Estimate: £6,000 - £7,000

‘On one patrol, he [Lieutenant J. C. Y. Roxburgh of the “United”] had to keep his submarine submerged for a day and a half and for 13 hours in that time was being continually depth charged. This happened after he had penetrated a very strong convoy escort and torpedoed a supply vessel under the nose of a zigzagging destroyer. The escorts immediately started to counter-attack and kept it up. In the first half hour the submarine’s lone crew heard the explosion of 40 depth charges. At one time the whole enemy force appeared over head but the submarine suffered no damage. All that night it moved to and fro over the same area while the enemy tried to locate her. After that Lieutenant Roxburgh was forced to stay submerged for a whole day to avoid being spotted by aircraft but in the end brought his submarine safely back to base.’

A wartime newspaper article recounts one of
United’s lucky escapes.
An outstanding Second World War submariner’s D.S.M. and Bar group of eight awarded to Petty Officer W. M. Hatherly, Royal Navy: having gained his first award for gallant services in the United in the “Fighting Tenth”, including the destruction of the Italian submarine Remo in the Gulf of Taranto in July 1943, he won a Bar for Tapir’s ‘snap attack’ on the U-486 off Bergen on 12 April 1945, on which occasion he brought the submarine torpedo tubes to readiness in just three minutes

His C.O. throughout was Lieutenant J. C. Y. Roxburgh, D.S.O., D.S.C.*, R.N., who later observed that just 18 British submarines fought ‘sub.-on-sub.’ actions with U-Boats, the closing score being 15-3 to the Royal Navy; the addition of the destruction of the Italian Remo likely constitutes a unique chapter in British submarine history, luckily a story saved for posterity by United’s No. 1 - John Wingate - the author of The Fighting Tenth

Distinguished Service Medal, G.VI.R., with Second Award Bar (JX. 138060 J. M. Hatherly, P.O.); 1939-45 Star; Atlantic Star; Africa Star, clasp, North Africa 1942-43; Pacific Star; Italy Star; War Medal 1939-45; Royal Fleet Reserve Long Service, E.II.R. (JX. 138060 J. M. Hatherly, D.S.M., PO. B. 28444, P.O., R.F.R.), official corrections to surname on the first and last, generally good very fine (8) £6000-7000

Footnote

Just 150 D.S.Ms with First Awards Bars were issued in the 1939-45 War.

D.S.M.
London Gazette 12 October 1943:

‘For courage, resolution and skill in successful patrols in H.M. submarines.’

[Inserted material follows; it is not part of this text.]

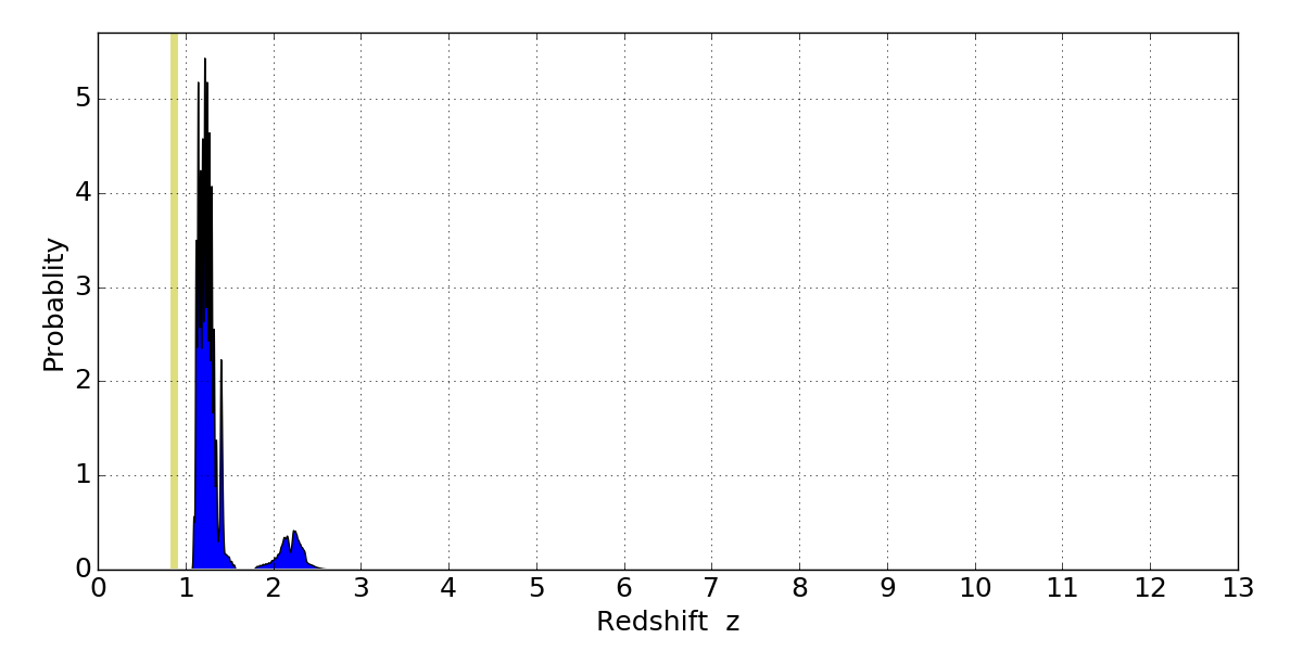 In P(z) plots: Yellow lines mark the cluster redshift z = 0.870,

The original recommendation states:

‘For continuous good services in charge of the Torpedo Department and for unfailing care and attention to routines both on tubes and torpedoes, resulting in the accurate running of all torpedoes fired in action. He has been on 17 consecutive patrols in the Mediterranean during which he has conducted himself with never failing cheerfulness and good humour which has greatly assisted in maintaining the morale of the ship’s company.’

Bar to D.S.M.
London Gazette 19 June 1945:

‘For exceptional skill, audacity and judgment whilst serving in one of H.M. submarines.’

The original recommendation states:

‘For outstanding efficiency as Torpedo Gunner’s Mate when a U-Boat was torpedoed and sunk. This was a snap attack and the tubes were brought to the ready in three minutes, thus enabling the attack to be carried out.

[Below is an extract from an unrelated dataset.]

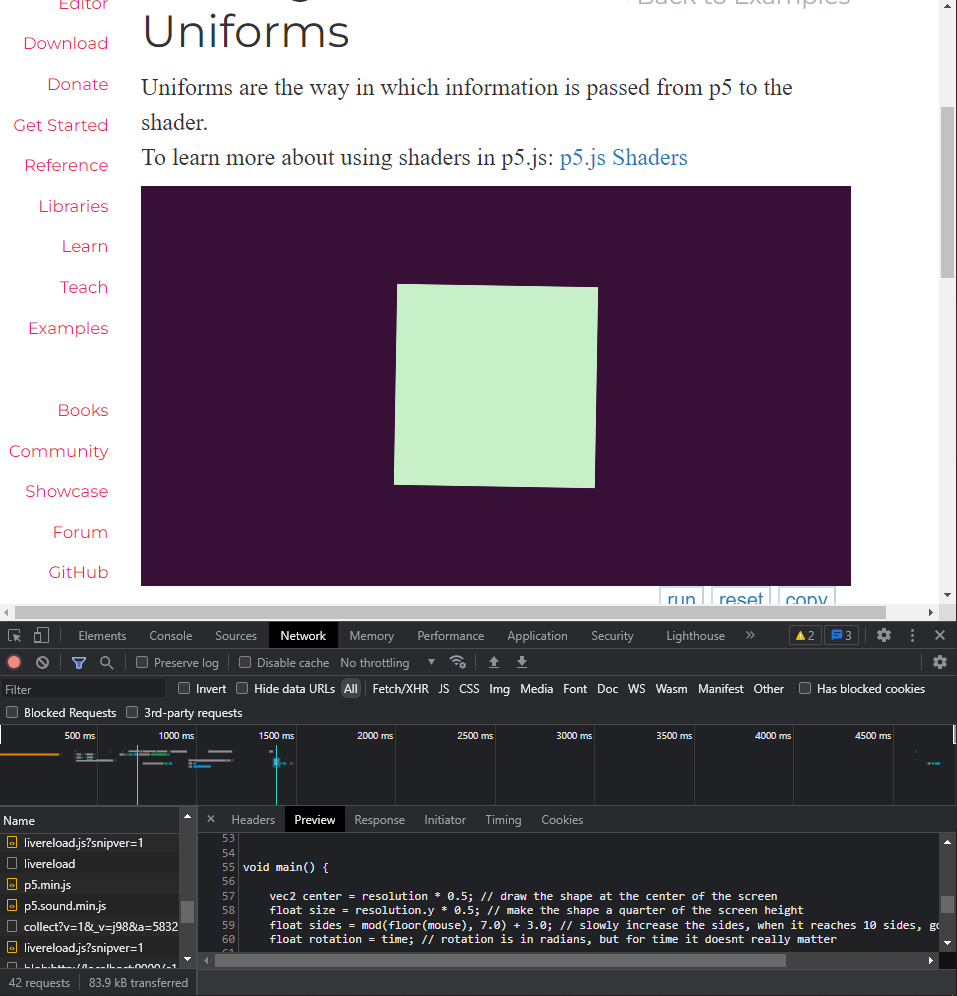 @aceslowman I think I figured out what's happening with the center item in the shader uniforms example. I must have been looking at the example on my laptop, which has a 2x retina display. I was able to get the object to center by changing the code to: If you make this change, I think we'll be ready to merge from there. |

Hatherly has been consistently cheerful and keeps his department in a very high state of efficiency. In addition he has carried out 24 war patrols during which he has fired 73 action torpedoes.

Covering remarks of the Captain (S/M), Third Submarine Flotilla:

‘Forwarded, concurring. The time taken to bring 8 tubes to the ready showed coolness and efficiency of the highest order, and contributed in large measure to the sinking of the U-Boat.’


William Murray “Bill” Hatherly, who was born in September 1917, entered the Royal Navy in the mid-1930s and transferred to the Submarine Branch in the summer of 1940.

His first operational posting - having attained Petty Officer status - was to the P.
44 (a.k.a. United) in January 1942, then commanded by Lieutenant T. E. Barlow, R.N. Under the latter’s command, Hatherly undertook his first war patrols operating out of Gibraltar in May 1942, following which United transferred to Malta.

Early actions in “United”

In early August,
United fought a gun action with a merchantman but had to retire after gaining two hits. On the 18th, she torpedoed and sank the Italian transport Rosolino Pilo off Pantellaria. The results of her attack, as reported by Barlow, were ‘gratifying if unexpected’:

‘The explosion of the torpedo was followed instantaneously by another of gigantic proportions as the whole merchant ship exploded. As the Commanding Officer left the bridge a violent hot blast reached P.
44 and debris was already clattering on the casing and, before it was possible to dive, a report of the motor room was received of water coming in fast. P. 44 therefore remained on the surface as no escort seemed to be present and when the hailstorm of debris descended, it was found that the bridge was partially wrecked by a 12-foot length of one-inch frame embedded in the starboard side. The jumping wire had parted and the loop and main aerials were broken. In addition, the upper steering was wrecked. There was no sign of the merchant ship ... ’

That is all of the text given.